Il faut se rendre compte que le pacte Molotov-Ribbentrop dressait les bases d’un nouvel
ordre européen. Staline s’imaginait que son soutien à l’État nazi permettrait à celui-ci de
défaire les démocraties occidentales. Comme le remarque Timothy Snyder, à défaut d’avoir
en face de lui un nouvel Hitler, Poutine rallie les partis européens extrémistes, y compris
ceux d’inspiration néo-fasciste, pour briser l’Union européenne. Mais, précise Snyder, il y a
une différence de taille entre le Staline de 1939 et le Poutine actuel.

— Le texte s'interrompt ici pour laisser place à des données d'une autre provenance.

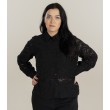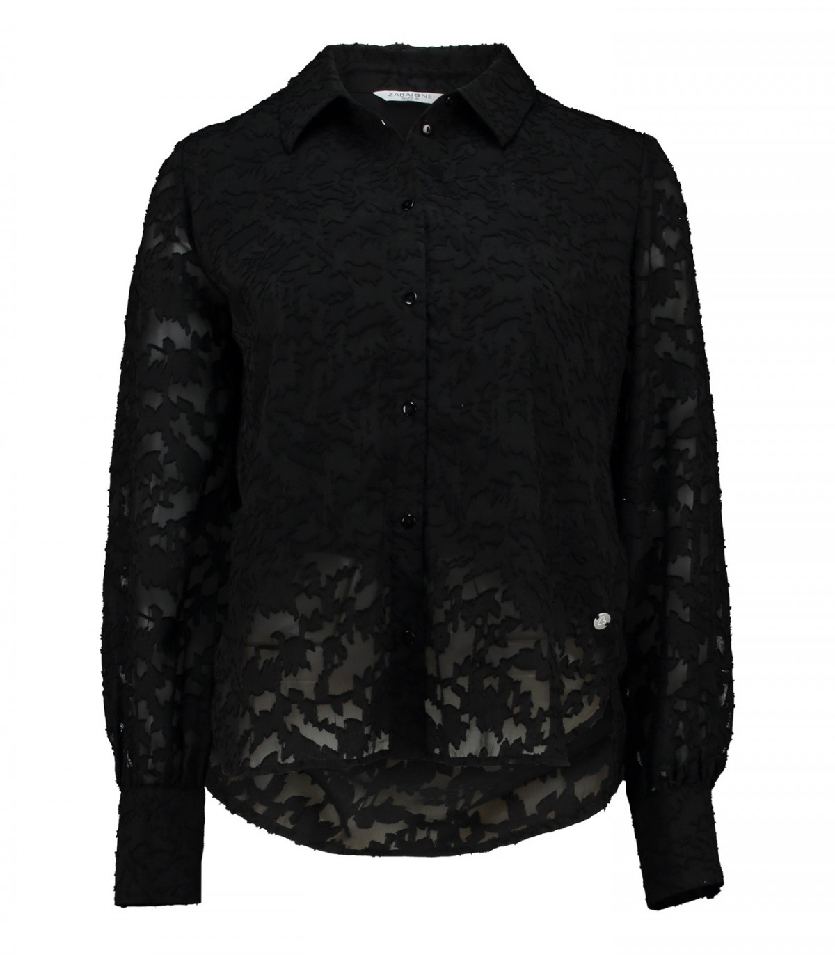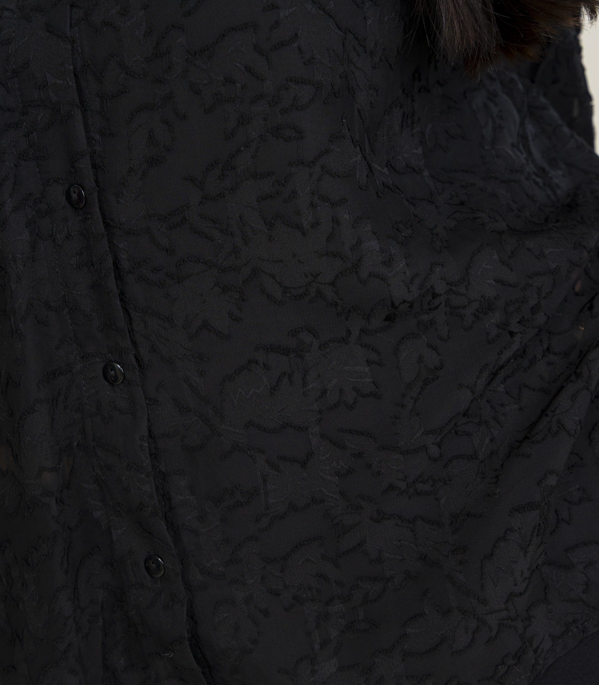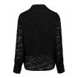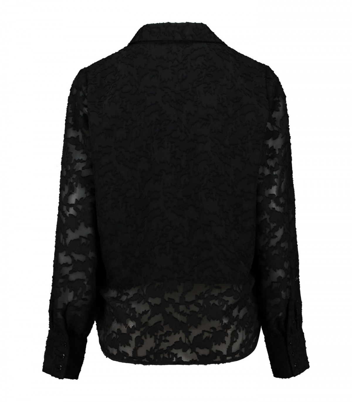 Šī puscaurspīdīgā melnā blūze ir darināta no samtaina reljefa auduma. Tās sievišķīgais piegriezums un klasiskā apkakle padara to ideāli piemērotu gan ikdienas valkāšanai, gan svinīgākiem gadījumiem.

Malgré ses visées impérialistes, Staline essayait de résoudre un problème réel: nonobstant l’amitié entre les deux
dictateurs, les intentions d’Hitler à long terme étaient faciles à prévoir. De son côté, Poutine
n’avait pas d’ennemis en Europe. Cependant, dès 2013, l’UE est désignée comme ennemi, et
les médias, la télévision en particulier, présentent l’Occident en général et l’UE en particulier
comme «décadents» et «hostiles». La nouvelle alliance avec les souverainistes et les antiEuropéens n’a pas été officiellement scellée, mais la logique sous-jacente de la politique
poutinienne semble s’inspirer de modèles obsolètes. Avec Vladimir Poutine, la Russie
plonge de plus en plus dans les mirages de son passé impérial.